Cox models
cd("docs/src/fig/")
using Random, LSurvival, Distributions, LinearAlgebra, Plots, DataFrames
# generate some data under a discrete hazards model
id, int, out, data = LSurvival.dgm(MersenneTwister(1212), 100, 20)
data[:, 1] = round.(data[:, 1], digits = 3)
d, X = data[:, 4], data[:, 1:3]
wt = ones(length(d)) # random weights just to demonstrate usage
# Fit a Cox model with `Tables.jl` and `StatsAPI.@formula` interface (similar to GLM.jl)
# data can be in the form of a named tuple or a DataFrame
tab = (id=id, in = int, out = out, d=d, x=X[:,1], z1=X[:,2], z2=X[:,3], wt=wt)
df = DataFrame(tab)
show(df)
Output: Note here that covariates are not time-varying, but that person-period data structures are used (which could accomdate time-varying exposures).
634×7 DataFrame
Row │ id x z t enter d wt
│ Int64 Float64 Float64 Int64 Int64 Float64 Float64
─────┼─────────────────────────────────────────────────────────
1 │ 1 0.125 0.0 1 0 0.0 1.0
2 │ 1 0.125 0.0 2 1 0.0 1.0
3 │ 1 0.125 0.0 3 2 0.0 1.0
4 │ 1 0.125 0.0 4 3 0.0 1.0
⋮ │ ⋮ ⋮ ⋮ ⋮ ⋮ ⋮ ⋮
631 │ 99 0.41 0.0 1 0 1.0 1.0
632 │ 100 0.103 0.0 1 0 0.0 1.0
633 │ 100 0.103 0.0 2 1 0.0 1.0
634 │ 100 0.103 0.0 3 2 1.0 1.0
Note use of the id
argument to specify that multiple observations come from the same individual.
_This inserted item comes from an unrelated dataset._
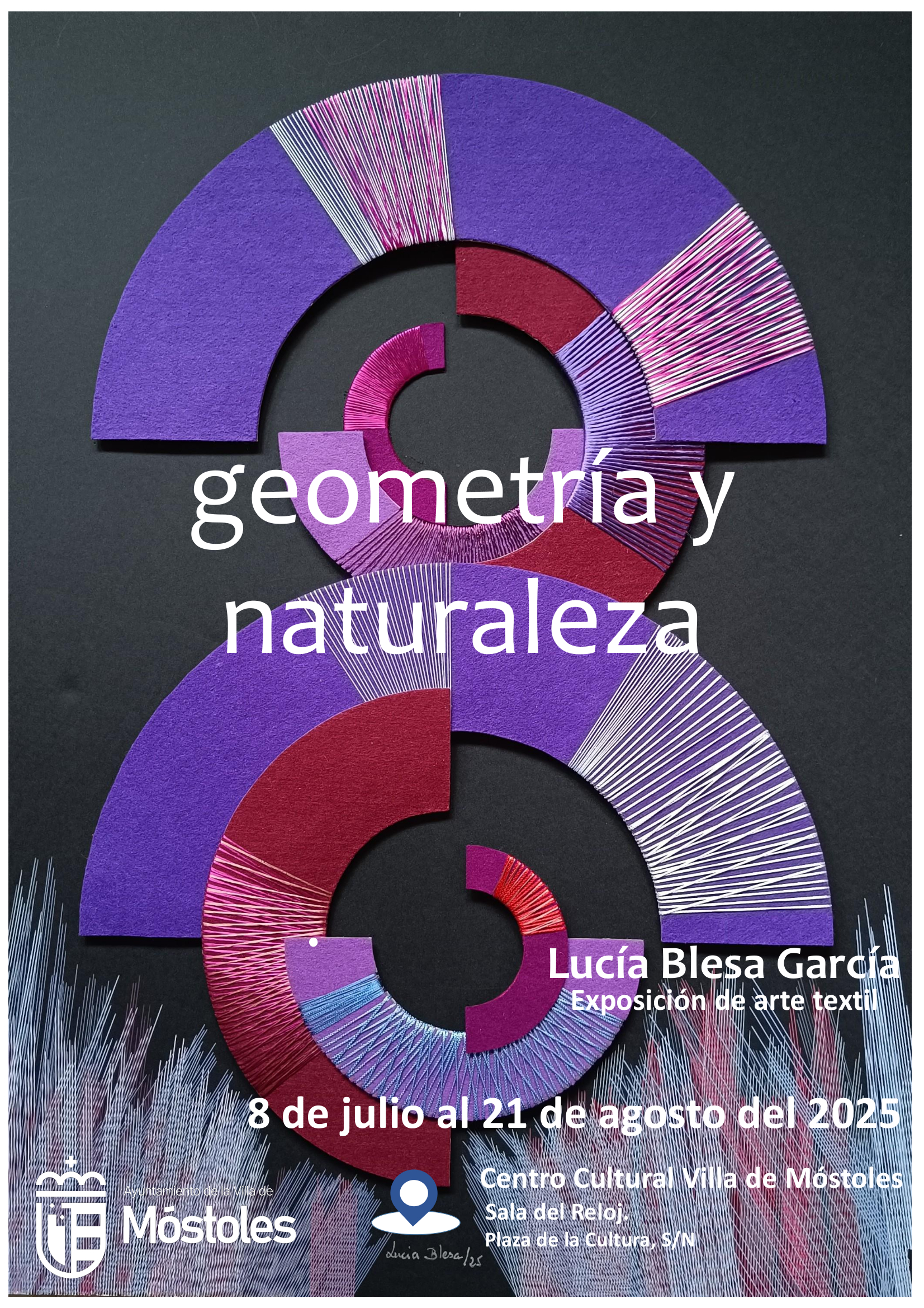 El martes 8 de julio, la exposición de arte textil "Geometría y Naturaleza", de la artista Lucía Blesa García, se mostrará en la Sala del Reloj del Centro Cultural Villa de Móstoles, hasta el 21 de agosto. En él la artista juega con las formas geométricas y los hilos, fusionando en esta curiosa propuesta expositiva estos dos ejes temáticos que inspirarán al espectador.

This is important in the case of robust-variance estimation, jackknifing, bootstrapping, and influence-based residuals like dfbeta
residuals. It will have no impact on the default output (confirm by fitting this model with and without the statement, and also compare influence plots below)!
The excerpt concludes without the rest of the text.